Abstract

Arsenic is an important environmental hazard, but there have been few NMR investigations of its molecular scale structure and dynamics, due principally to the large quadrupole moment of 75As and consequent large quadrupole couplings. We examine here the potential of existing, single-field solid-state NMR technology to investigate solids containing arsenate and arsenite oxyanions. The results show that current techniques have significant potential for arsenates that do not contain both protonated HxAsO4-(3-x) groups and structural water molecules, but that the quadrupole couplings for the arsenites examined here are large enough that interpretation of the spectra is difficult, even at 21.1 T. Compounds that contain both structural H2O molecules and protonated arsenate groups do not yield resolvable signal, likely a result of T2 effects related to a combination of strong quadrupolar interactions and proton exchange. Spin-echo experiments at 11.7 and 14.1 T were effective for Li3AsO4 and CsH2AsO4, as were whole-pattern spikelet experiments for arsenate oxide (As2O5) at 17.6 and 21.1 T. The central transition resonance of Ca3(AsO4)2·8H2O is ∼6 MHz broad and required a non-conventional, histogram-style spikelet method at high field to improve acquisition efficiency.
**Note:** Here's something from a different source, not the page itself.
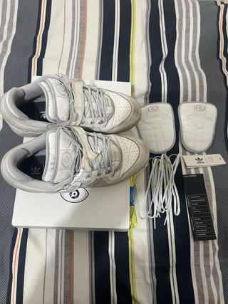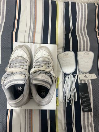 Zapatillas Adidas Forum x Bad Bunny en color gris y blanco. Incluyen accesorios. - Cordones adicionales. - Plantillas de repuesto. - Etiquetas originales.

This approach reduces the acquisition time due to the sensitivity enhancement of the spikelet sequence and a reduction in the number of frequency increments required to map the resonance. Despite the large quadrupole couplings, we have identified a correlation between the 75As isotropic chemical shift and the electronegativity of the next-nearest neighbor cation in arsenate compounds.